Brief –
Copy without pictures. Please restate each line of the listing exactly.

Source material –
====================
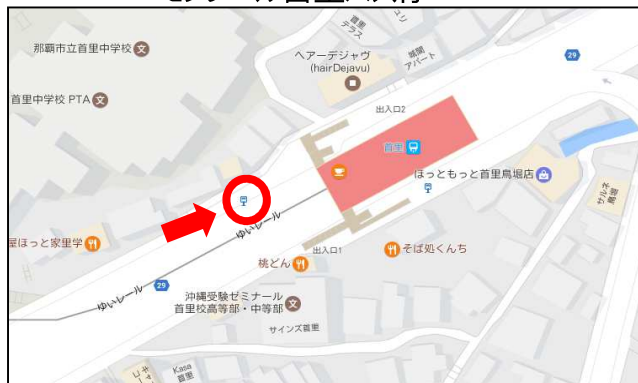
モレール首里バス停
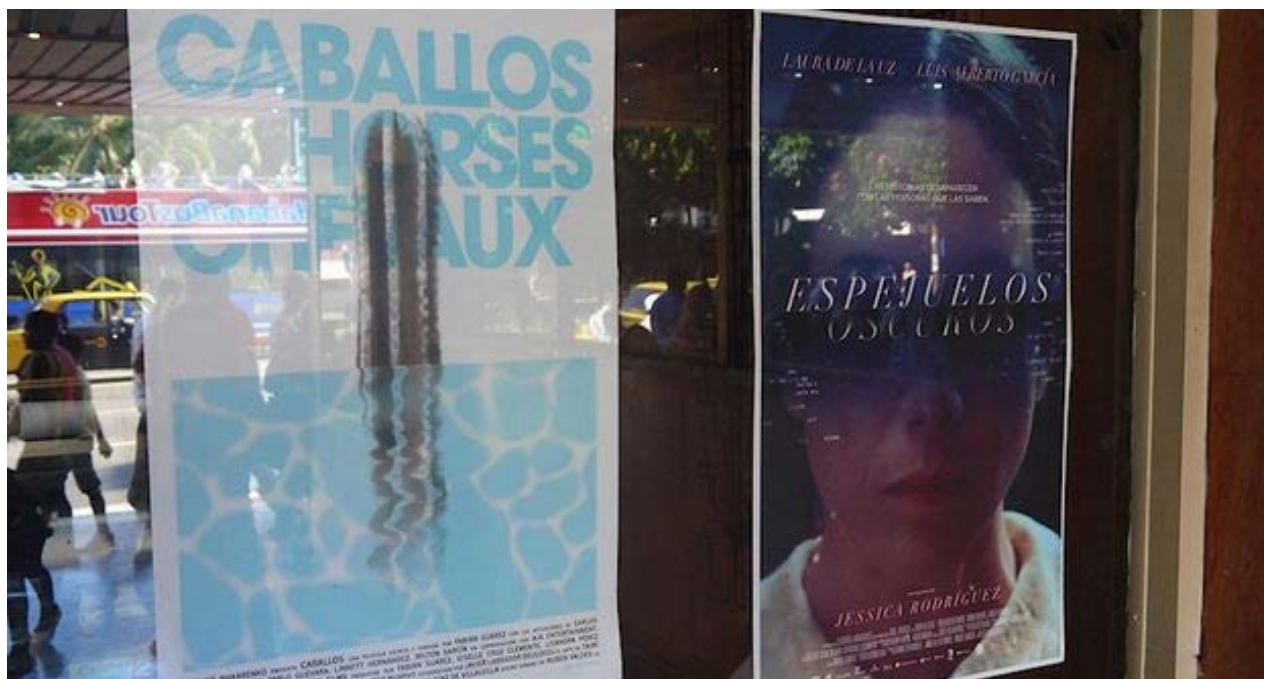
Los carteles de las películas 'Caballos' y 'Espejuelos oscuros'.
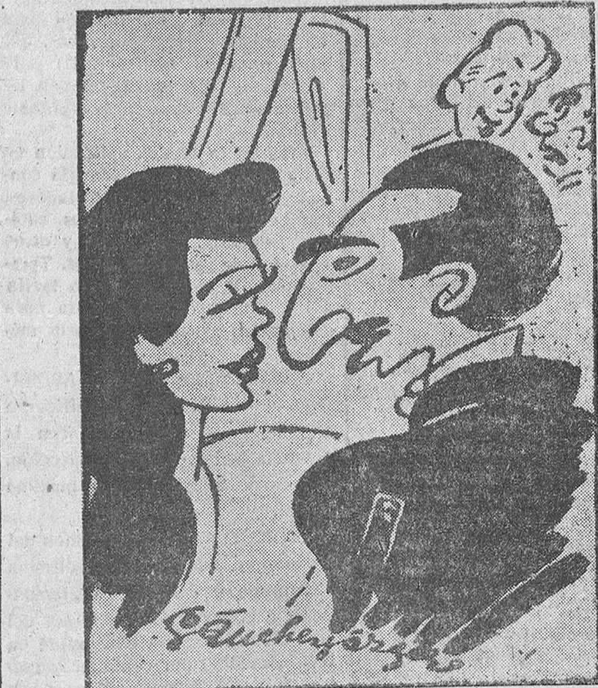
—Es horriblemente charlatana. No te digo más sino que una vez fué a la playa a tomar el sol y cuando volvió a su casa tenía la lengua tostada.

—¿Con cuántos asociados cuenta actualmente el Atlético? —Con 1.200 aproximadamente, a
====================
The completed task –
モレール首里バス停
Los carteles de las películas 'Caballos' y 'Espejuelos oscuros'.
—Es horriblemente charlatana. No te digo más sino que una vez fué a la playa a tomar el sol y cuando volvió a su casa tenía la lengua tostada.

—¿Con cuántos asociados cuenta actualmente el Atlético? —Con 1.200 aproximadamente, a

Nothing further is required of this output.